(Records from a data collection)

↓↓↓

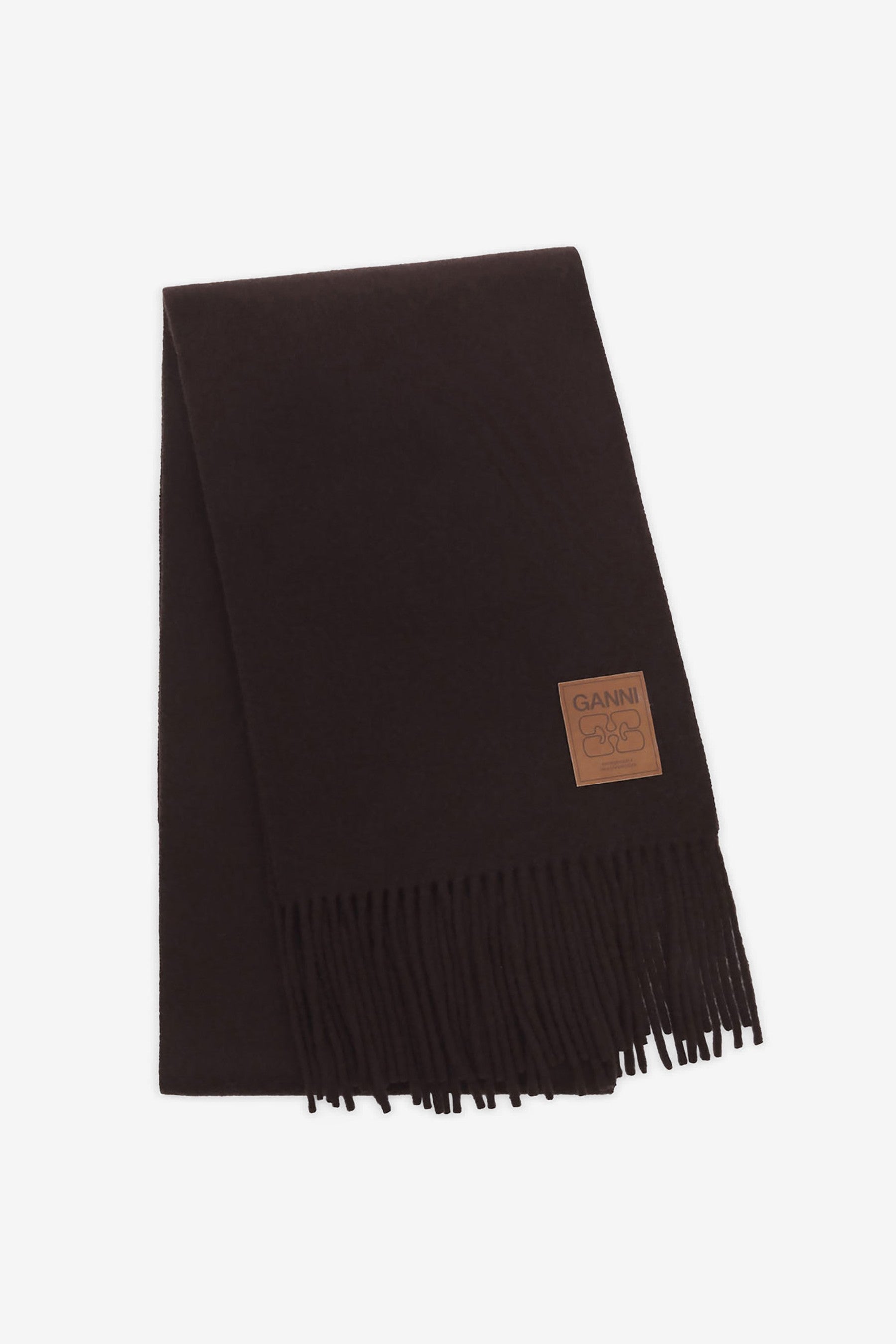 In Chocolate Plum, Ganni's Double Face Wool Knit Scarf is crafted from 100% wool and finished with fringe edges. A logo patch completes the design. Made from 100% wool.
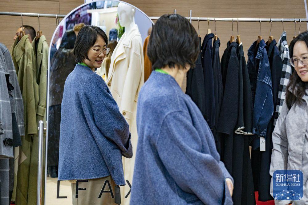 ↑ 11月7日,在第八届进博会消费品展区,参观者试穿产自蒙古国的羊毛外衣。新华社记者 丁赫 摄
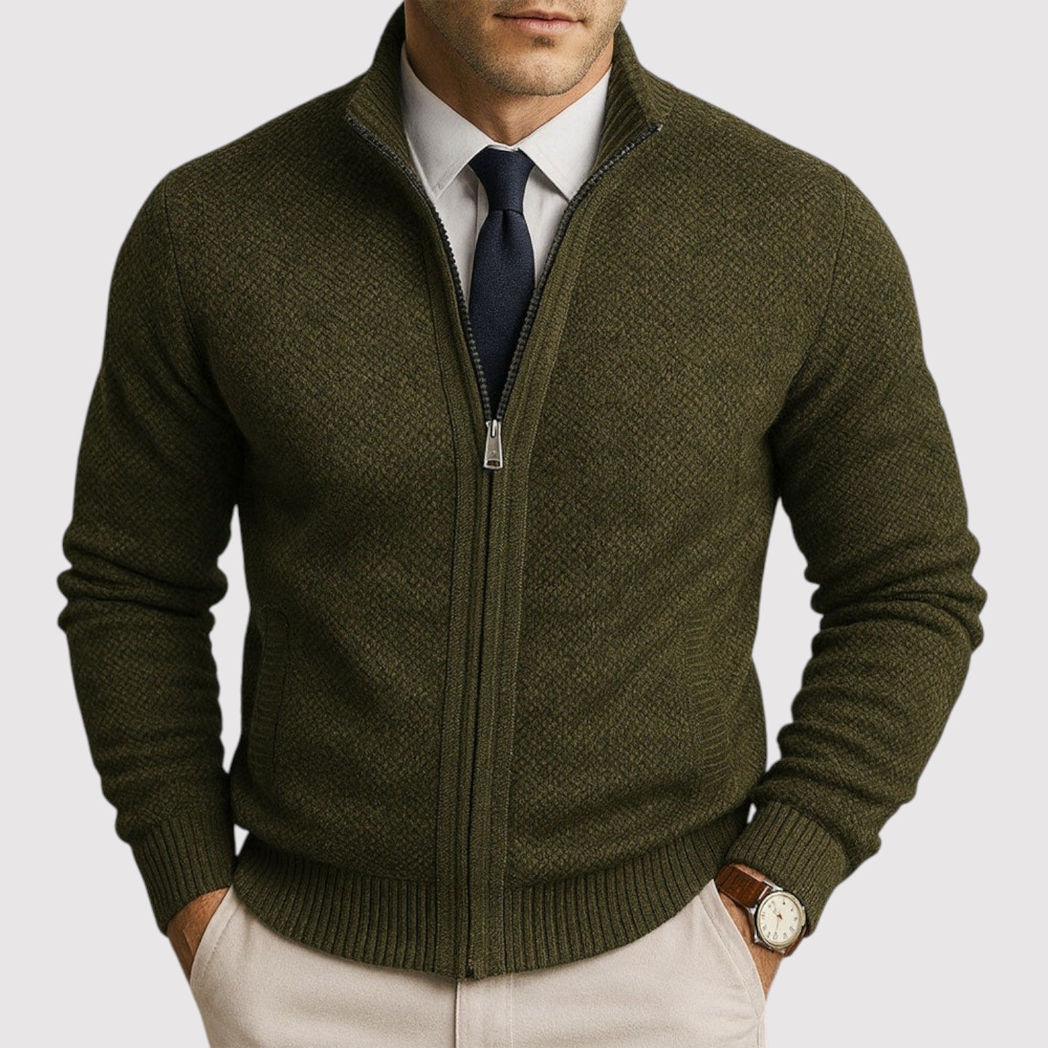 以沉穩自信開始每一天 — 這款高級拉鍊毛衣兼具優雅風格與舒適感,無論在辦公室、旅行中或週末,都能自然展現整潔的印象。
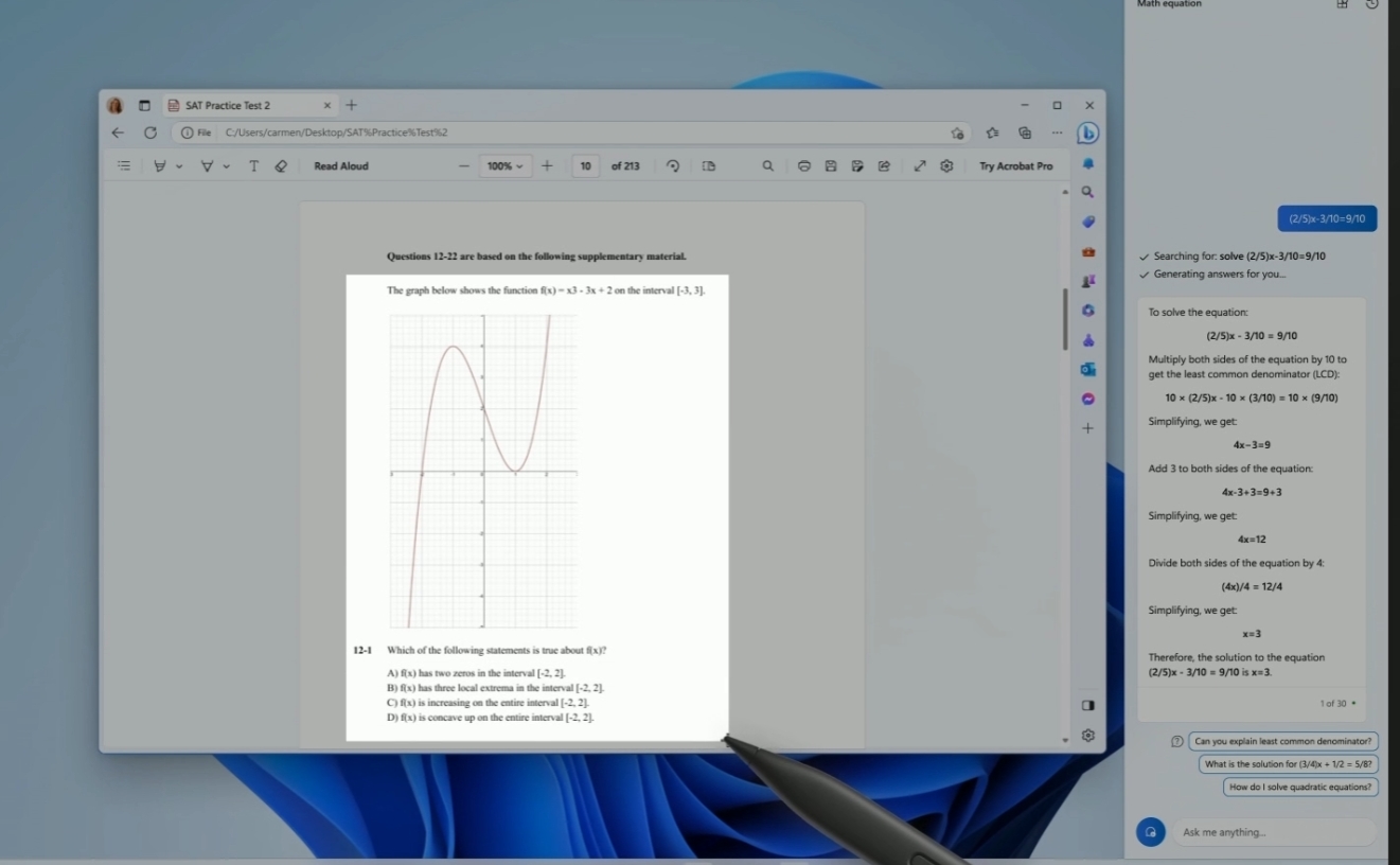 在今天的发布会上,微软还发布了一个名为Ink Anywhere的新功能。除了可以用手写笔书写数学等式提问外,手写笔还能直接选中带图片的数学问题,交给Copilot进行解答。
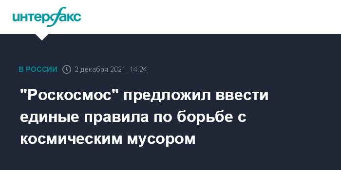 Москва. 2 декабря. INTERFAX.RU - Чтобы земные орбиты не засорялась космическим мусором, нужно выработать международные правила поведения в космосе, заявил на Всероссийском форуме космонавтики "КосмоСтарт-2021" исполнительный директор "Роскосмоса" по перспективным программам и науке Александр Блошенко.
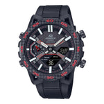 This sporty design is all about the EDIFICE motorsports concept, exuding speed and control as well as practical utility. Black ion plating delivers a scratch-resistant bezel, and the solar charging system stores enough power for 5 months of normal use when fully charged.
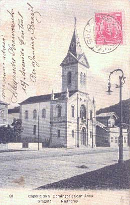 3 - Outro núcleo habitacional que foi importante na historia da cidade, foi o do futuro bairro de São Domingos. Nessa então freguesia esteve hospe-dado Dom João VI quando de luto pela morte de sua mãe, a Rainha Dona Maria I. O casarão que ocupou foi posteriormente a sede do Gover-no Provincial. Numa rua próxima da Matriz de São Domingos, que é vista neste postal impresso pelo estimado editor A. Ribeiro, residiu exilado, José Bonifácio, o Patriarca da Inde-pendência. Quando ele morreu, seu coração foi guardado nesse templo. (RMM) |
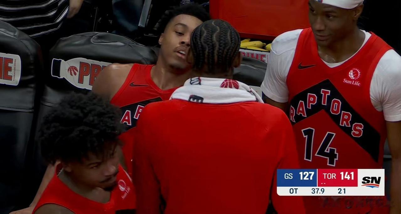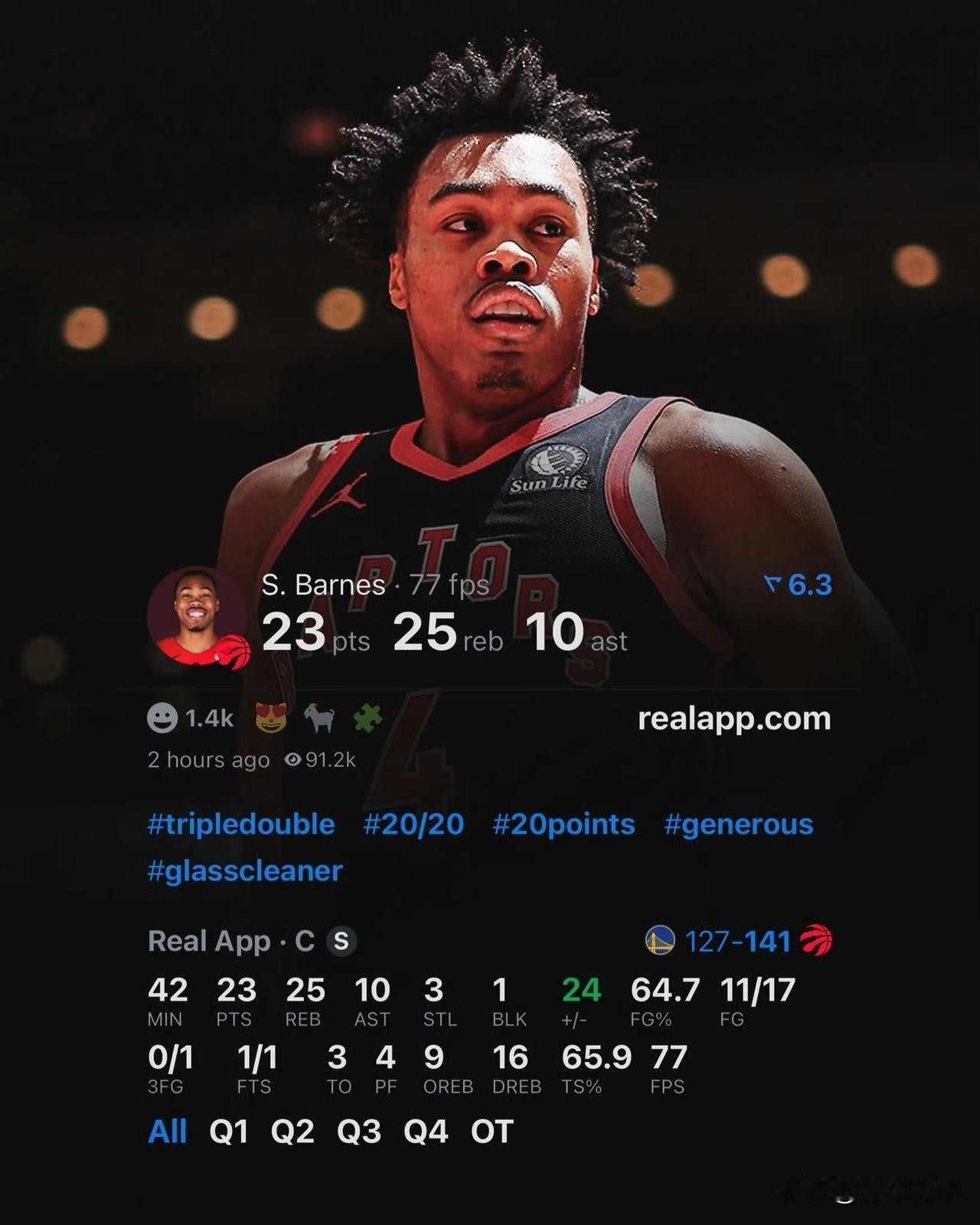 直接瘫倒!真给巴恩斯累坏了! 今天,主场作战的猛龙队以141-127逆转战胜勇士队,终结了对手的三连胜。 本场比赛,猛龙队凭借身高尺寸优势在第四节追上了比分,双方进入加时赛。加时赛更是成为了巴恩斯的前场篮板表演时刻,他连续抢下了4个前场篮板,带领球队在加时赛打出19-5的致胜比分,最终帮助球队赢下了比赛。 全场比赛,巴恩斯得到23分25篮板10助攻的三双数据,成为猛龙队史首位20+20+10的球员。胜局已定时,巴恩斯终于被换下,他累得直接瘫倒在了替补席,为了带队赢球,他已经拼尽了全力。

↑↑↑

Exercise description
Using the data above, copy exactly the lines from the one containing "Москва. 2 декабря." to the one containing "This sporty design", inclusive. Exclude the pictures.

Solved exercise
 Москва. 2 декабря. INTERFAX.RU - Чтобы земные орбиты не засорялась космическим мусором, нужно выработать международные правила поведения в космосе, заявил на Всероссийском форуме космонавтики "КосмоСтарт-2021" исполнительный директор "Роскосмоса" по перспективным программам и науке Александр Блошенко.
 This sporty design is all about the EDIFICE motorsports concept, exuding speed and control as well as practical utility. Black ion plating delivers a scratch-resistant bezel, and the solar charging system stores enough power for 5 months of normal use when fully charged.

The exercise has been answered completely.